2011-05-18

Amish Raid And Other Stories

In Delaware we'd buy salsa made by the Amish.

Now there's a mix: Amish making Mexican food.

But unpasteurized milk wouldn't be on my list. I hate milk.

However, sounds like there's a market for it. So why raid it? I know it's illegal but really, if people want it let them buy and use it. People eat all sorts of things.

Reminds me of the ethics and religious course hoopla here in Quebec. Aside from the course itself, the problem I have is the government's paternalism forcing every school to heed to its demands.

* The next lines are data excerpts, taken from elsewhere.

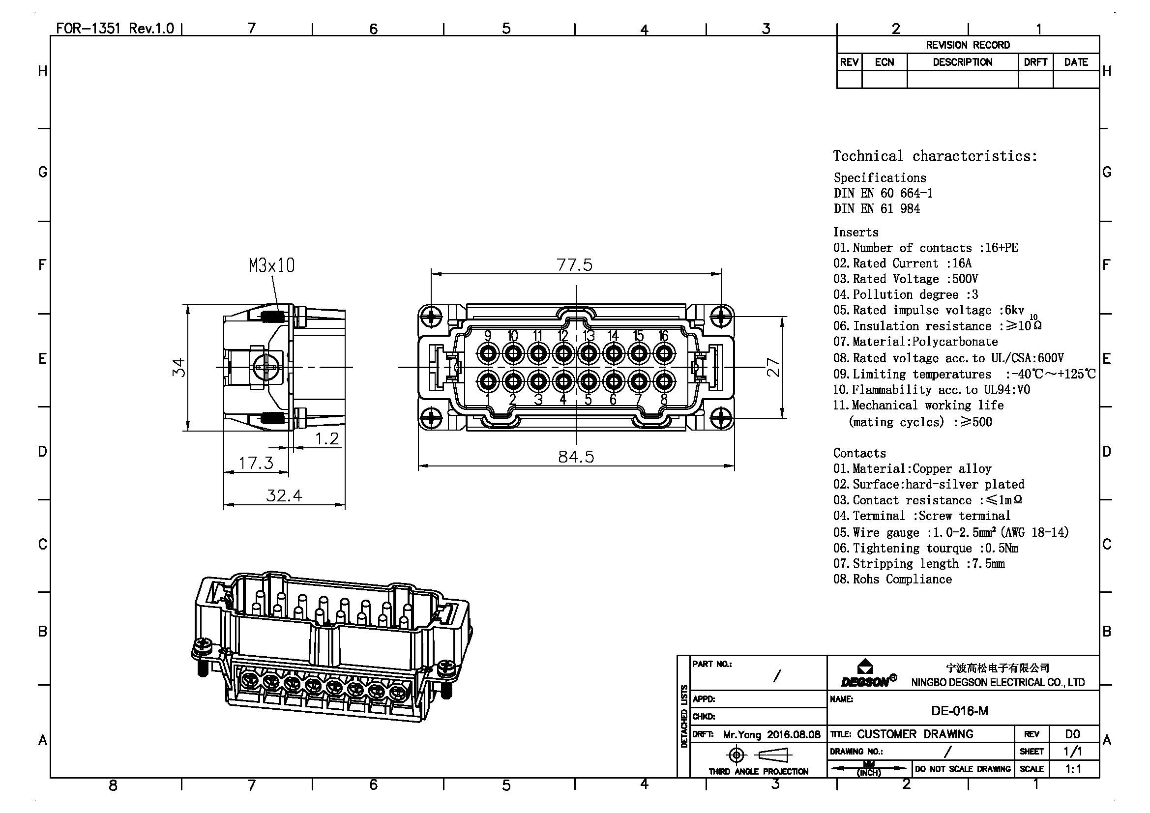 DE-016-M, Вставка в разъем, 16П+PE, 500В, 16А,...
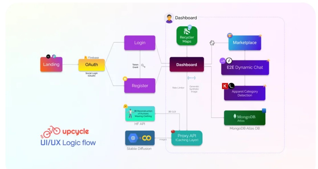 Sign-in / Sign-up with Google (OAuth) — Users can sign-up normally but Tailors/Seamstresses etc. have to fill-up a form to register themselves. (This is done to prevent spam) Once logged in, user will be redirected to main dashboard to explore tailors in their proximity. Users can choose the one that suits their needs and preferences. Users can also filter by a specific service and view the tailor's location, star rating, and services offered. Users can easily message the tailor, upload images, and specify the exact service they want. Users and tailors can mutually decide a time slot that works for both to collect and deliver the goods. Users can also generate custom clothing for themselves leveraging our bleeding-edge Stable Diffusion model. Moreover, we also provide "3D Reconstruction of Humans Wearing Clothing" (Easter Egg!) for a limited period. Users can view their current orders on their profile page and follow tailors they like. On successful completion of orders, Tailors can get reviews, earn points and gain followers on the app. In the future, Upcycle plans to implement a delivery-style courier system using local cyclists or riders.
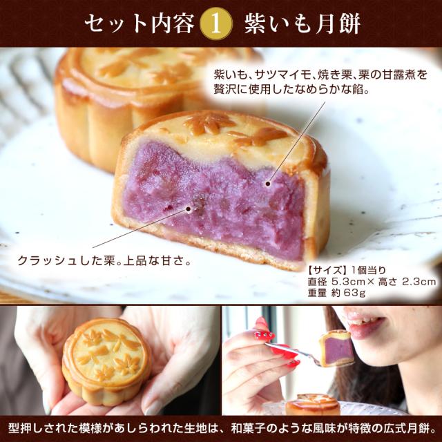 リムテー スイーツ 紫芋 秋 限定 月餅 紫いも月餅 単品1個 お取り寄せ 個包装 砕き栗入り 菓子 横浜中華街
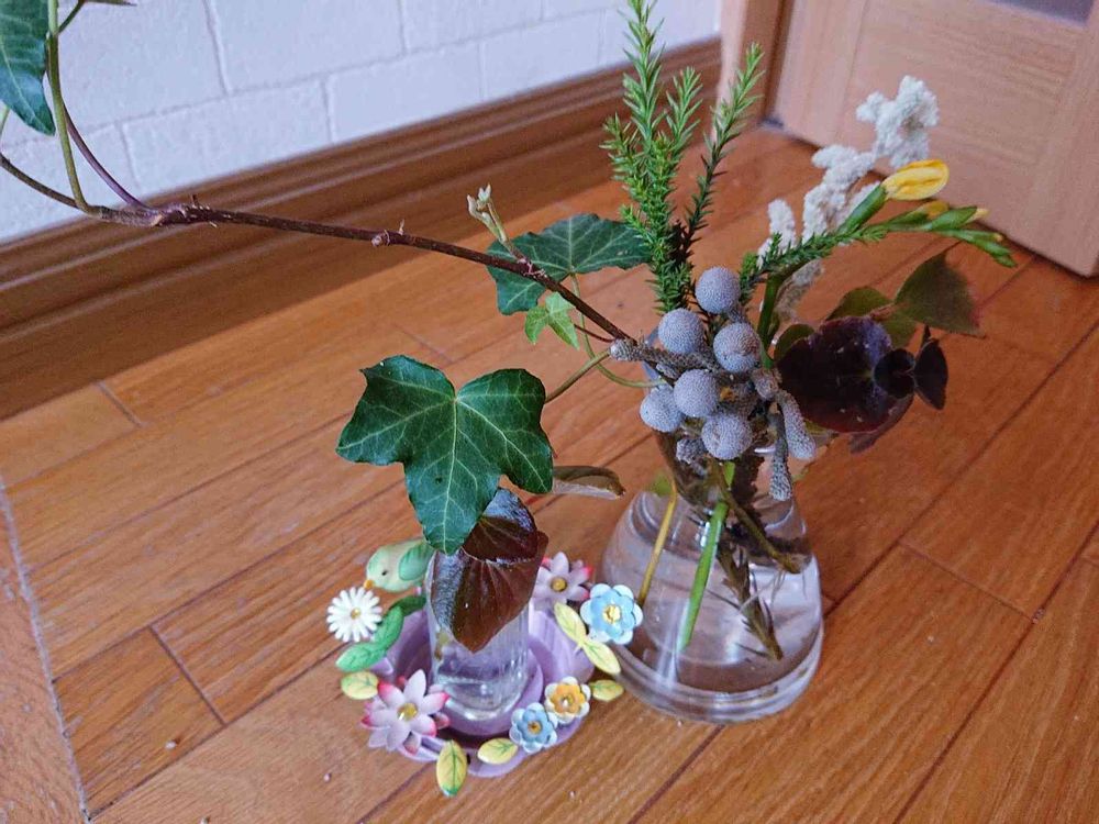 お花のサブスクで、月に2回、500円程度のミニ花束が💐届きます。その中で枯れずに残っているものや、我が家の八重咲きベゴニアを合わせて飾っています。灰色のバーゼリアは、子どもたちに『ナウシカの世界みたい☆』と人気です🌿
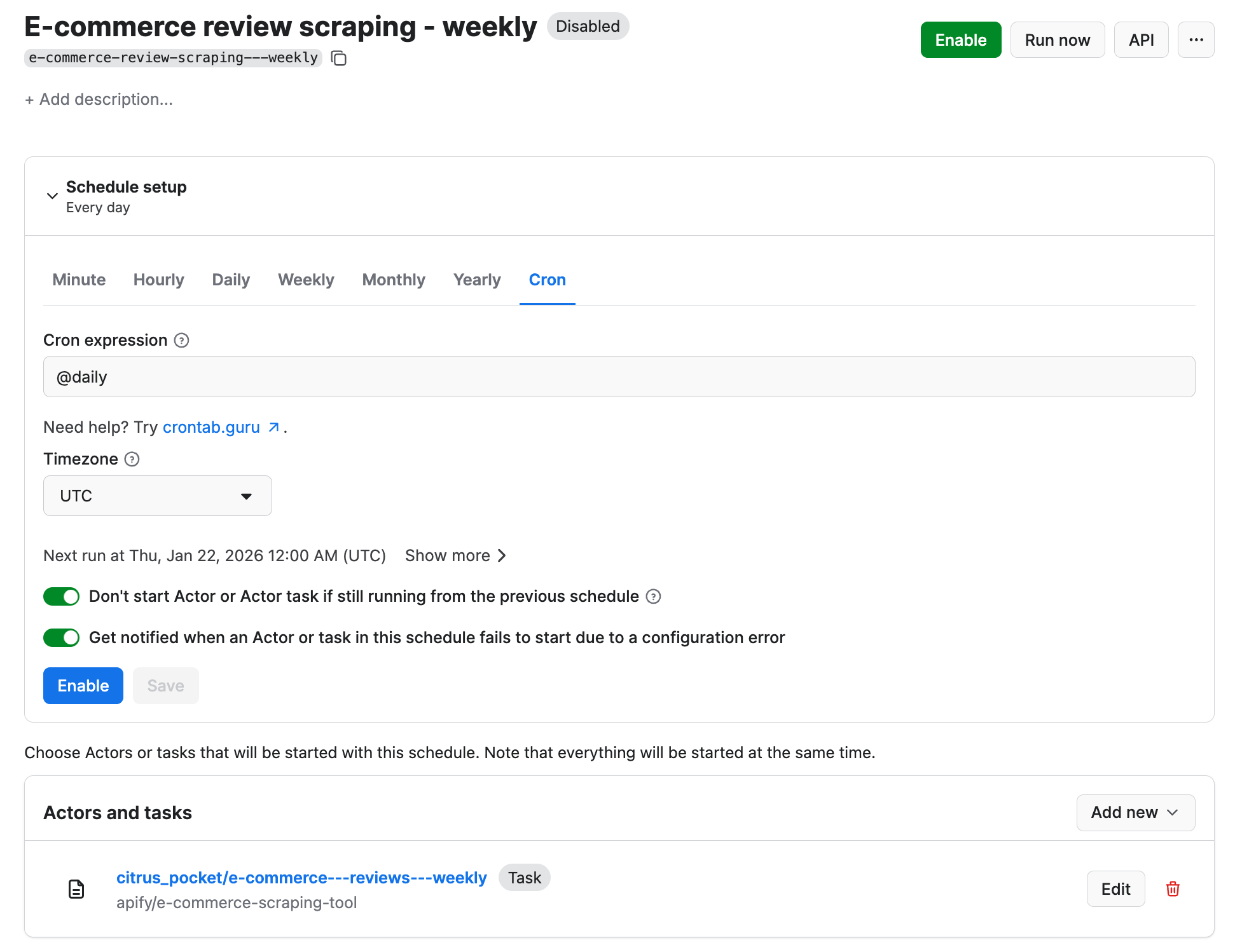 Click Enable, and your schedule will be up and running. It will automatically start the scraper at your chosen time and send the results to Google Drive, thanks to the integration we set up earlier.

I just don't get how the state can involve itself in a contract between a private citizen and private school. If a private parochial school and its parents want a product why does the government intervene?

***

Reminds me of another story. The municipality where my daycare operates is, for a lack of a better word, special. They have all sorts of frivolous bylaws that irritate the heck out of local shops. Recently, they obliged store owners to comply with a decision whereby they had to change their signs. The changes would cost, on average, $2000. That's a lot of money to impose on small businesses. My sign will cost me $1300. My plan was to wait a year before hanging one - you know, because I have to prioritize my costs. Alas, as the saying goes, "you can't fight city hall."

Not only that, they choose the size, colour and material used for the sign. Not you for your business. And if the owners or landlords don't comply, it is met with fines and in some cases the threat of revoking busiess permits. So if you have a Lavender store, naturally, you'd want a purple sign. No way say the tyrants at city hall - it's green! Incidentally, that's the colour they chose for my sign. We lucked out because our official emblem matches green perfectly. But I'm still irritated by the fact a bureaucrat indirectly has a say on my business.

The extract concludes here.